Court upholds fine against governor's staff in records case

Public records: New, broader case before high court next week

bshannon@theolympian.comSeptember 14, 2012 

The state Court of Appeals has upheld a $2,175 fine against Gov. Chris Gregoire’s staff for illegally withholding a three-page briefing document that Olympia activist Arthur West requested in 2009.

Gregoire initially claimed the record was protected by “executive privilege” – a controversial legal position that is now under legal challenge by open-government advocates in a separate case being heard Thursday in the state Supreme Court.

In West’s case, a Thurston County judge had determined that the withheld memo to Gregoire would not have qualified for protection under a privilege claim. The unanimous appeals court ruling authored by Judge Joel Penoyar this week upheld a $25 per day fine against the governor’s office.

With costs and interest added, West was paid $2,652.96.

Much more is at stake in next week’s case brought by the Freedom Foundation based in Olympia. The libertarian-oriented think tank contends there is no implied right of privilege that could trump the disclosure demands of the Public Records Act, and its lawyers suggest Gregoire is inventing a privilege.

“This new privilege significantly expands the governor’s ability to keep secrets from the public,” said Michael Reitz, former general counsel of the Freedom Foundation who worked with open-government lawyer Michele Earl-Hubbard on the case, which deals with a half-dozen records that were withheld or heavily edited before their release.

“We will argue that executive privilege is not found in the Public Records Act or spelled out in the constitution. In fact, in 120 years of statehood, not a single appellate court has recognized executive privilege for the governor of Washington,” Reitz added.

Court documents say other Washington governors – including Democrat Gary Locke – have asserted the privilege, and several other states recognize the right.

Lawyers for Attorney General Rob McKenna’s office argue in court briefings that the governor has a limited but implied right of privilege – similar to what the U.S. Supreme Court clarified nearly 40 years ago in a Watergate-era case pitting former President Richard Nixon against Congress.

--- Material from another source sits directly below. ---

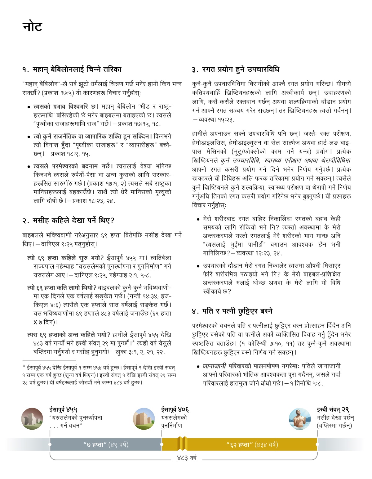त्यो ६९ हप्ता कति लामो थियो? बाइबलको कुनै-कुनै भविष्यवाणीमा एक दिनले एक वर्षलाई सङ्केत गर्छ। (गन्ती १४:३४; इजकिएल ४:६) त्यसैले एक हप्ताले सात वर्षलाई सङ्केत गर्छ। यस भविष्यवाणीमा ६९ हप्ताले ४८३ वर्षलाई जनाउँछ (६९ हप्ता x ७ दिन)।

The legal basis of that privilege is the constitutional separation of powers that protect the legislative, judicial and executive branches from encroachments by the others.

Alan Copsey, a deputy solicitor general for the attorney general, wrote in one briefing that executive privilege serves a public interest by ensuring a governor can carry out constitutional duties “by ensuring open and frank discussions and deliberations in executive decision making and policymaking.”

Groups as varied as newspapers, the American Civil Liberties Union and the Institute of Justice disagree with the governor and have filed friend-of-court briefs in the case. They warn that the privilege claim harms the public’s right to know what its government is doing.

In the dispute at hand, Reitz said the foundation sought 11 documents. The state disclosed five, heavily redacted ones and blocked access to the remaining five. The documents dealt with, among other issues, the Alaskan Way Viaduct tunnel and an opinion about dams along the Columbia River.

Reitz said he once did a tally of records sought by the foundation that had been denied on a basis of the governor’s privilege claim, and they numbered in the hundreds. They included documentation around gambling compacts with tribes, judicial appointments and rules for marijuana.

Nancy Talner, staff attorney for ACLU-Washington, said that unlike the federal privilege based on the special functions of the president under the federal constitution, the governor’s powers “must be evaluated under state law, and our state’s longstanding commitment to open public records.”

The Freedom Foundation lost its argument in trial court in July 2011. Thurston County Superior Court Judge Carol Murphy found the privilege claim is grounded in the state constitution’s separation of powers and as an “other statute” exemption in the Public Records Act.

In the West case, Thurston County Judge Paula Casey did not need to apply the test or even examine the legality of Gregoire’s privilege claim. That is because the three-page document in dispute was clearly not eligible for that protection, Casey ruled.

The record in dispute was a memo from policy aide Kathleen Drew (now a secretary of state candidate) to Gregoire that prepared her for a meeting with the Washington State Association of Counties in 2009. It included recommendations from staffers on policies of interest to the counties.